TASK REQUIREMENTS
Only the lines from the one with "- Slim fit, long" through the last line of the records below belong in your answer, reproduced exactly and with the pictures left out.

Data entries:
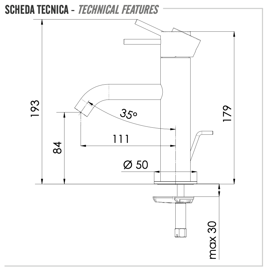 —Смеситель Remer X Style X10XV на раковину нержавеющая сталь
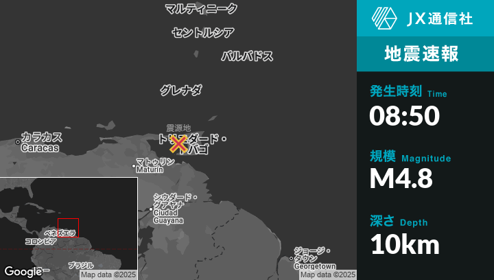 | 震源地 | トリニダード・トバゴのMucurapoから西南西27kmの地点 |
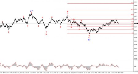 Волновая картина инструмента GBP/USD видоизменилась. Понижательная коррекционная структура a-b-c-d-e в C в 4 носит завершенный вид, как и вся волна 4. Если это действительно так, я ожидаю, что основной участок тренда возобновит свое построение с первоначальными целями около 38 и 40 фигур. В краткосрочном плане я ожидал построение волны 3 или с с целями, расположенными около отметок 1,3280 и 1,3360, что приравнивается к 76,4% и 61,8% по Фибоначчи. Эти цели достигнуты. Волна 3 или с предположительно завершила свое построение, поэтому в ближайшее время может наблюдаться построение понижательной волны или набора волн.Основные принципы моего анализа:
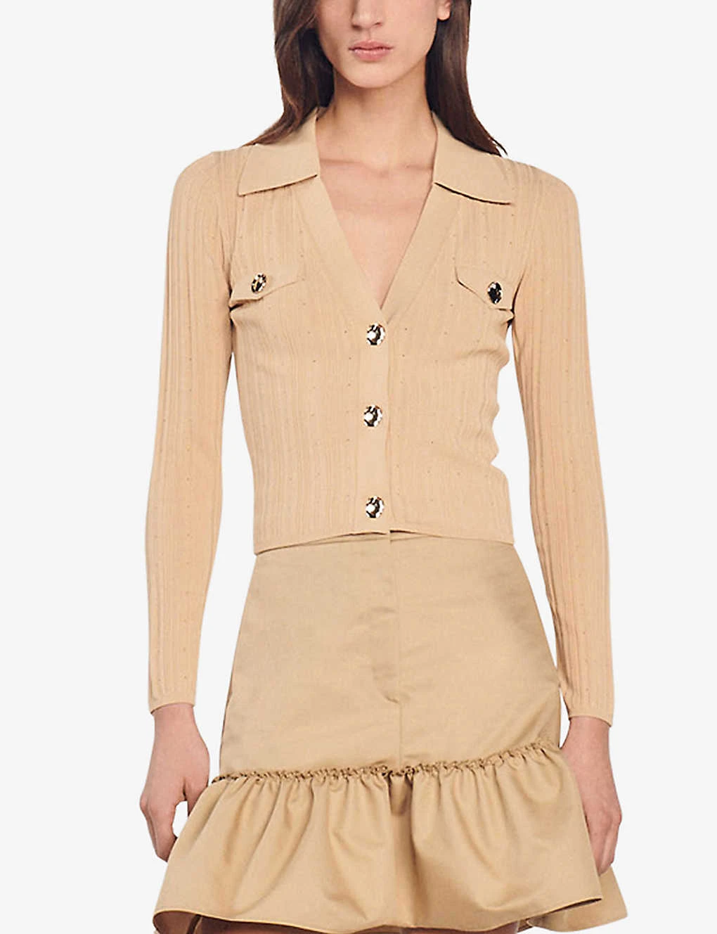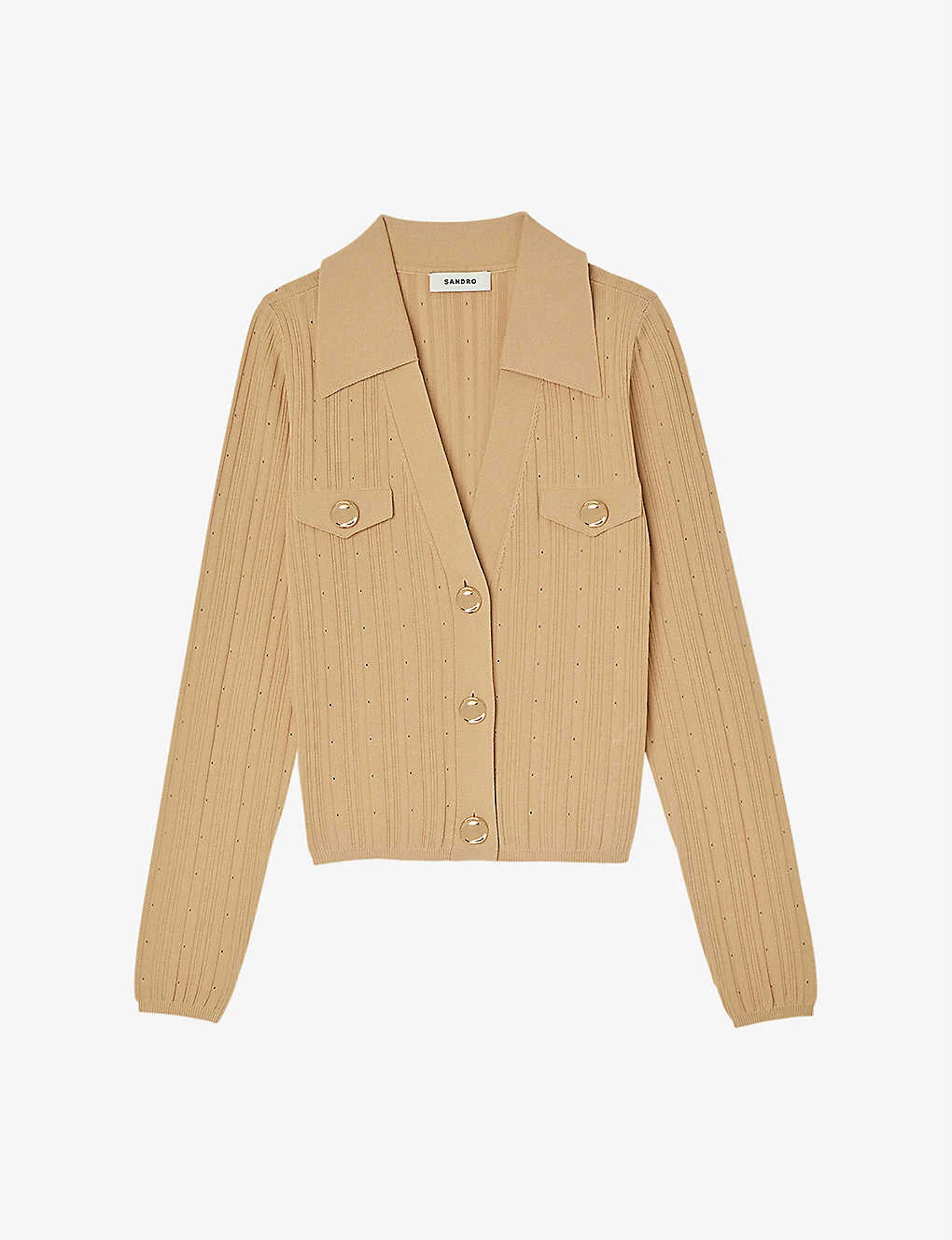 - Slim fit, long sleeves, V neck, open collar, ribbed knit, cropped length, two chest flap pockets, gold-tone logo-debossed buttons
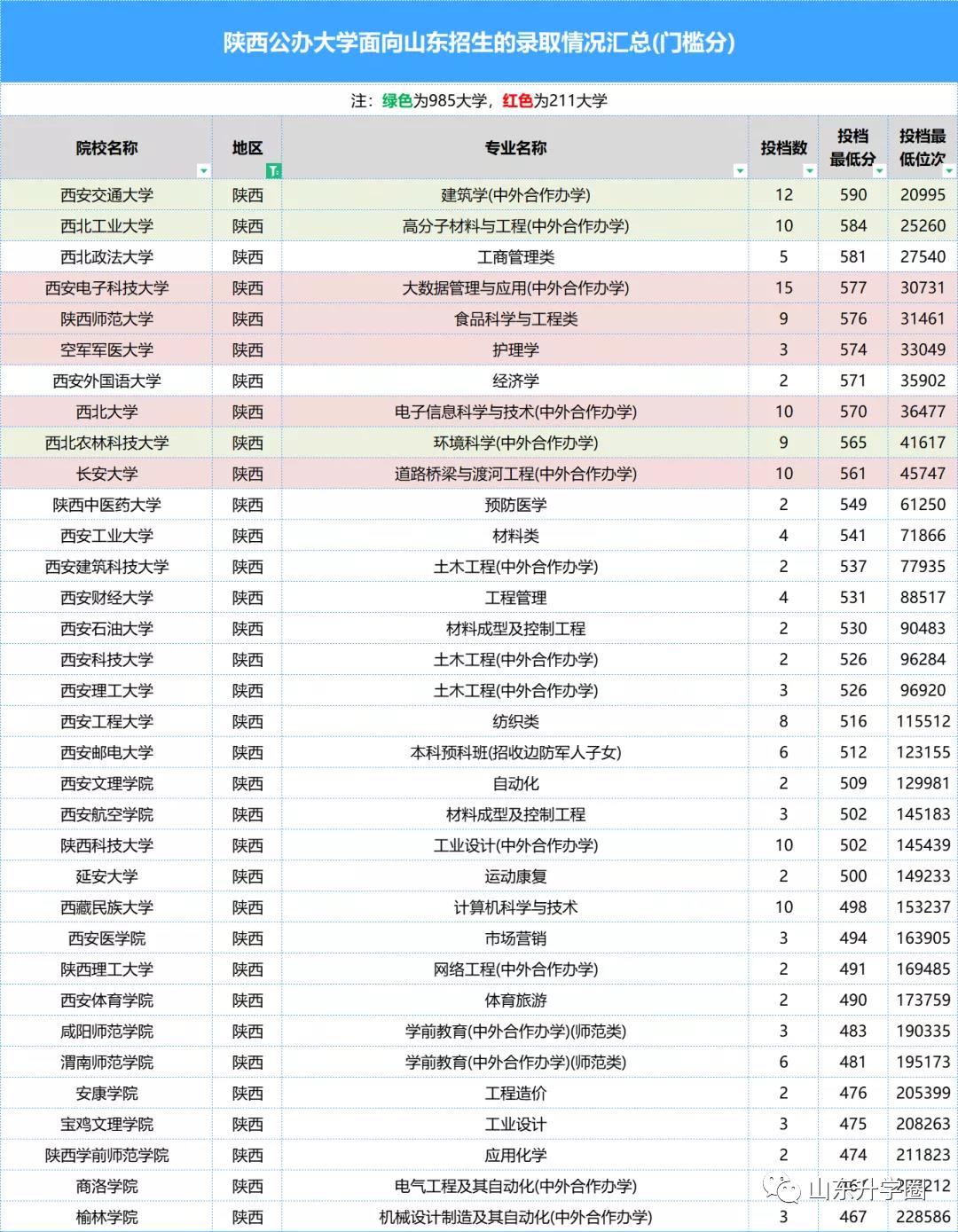 【5】21所211大学的“黄金”专业,在鲁录取分数

WRITTEN ANSWER
 - Slim fit, long sleeves, V neck, open collar, ribbed knit, cropped length, two chest flap pockets, gold-tone logo-debossed buttons
 【5】21所211大学的“黄金”专业,在鲁录取分数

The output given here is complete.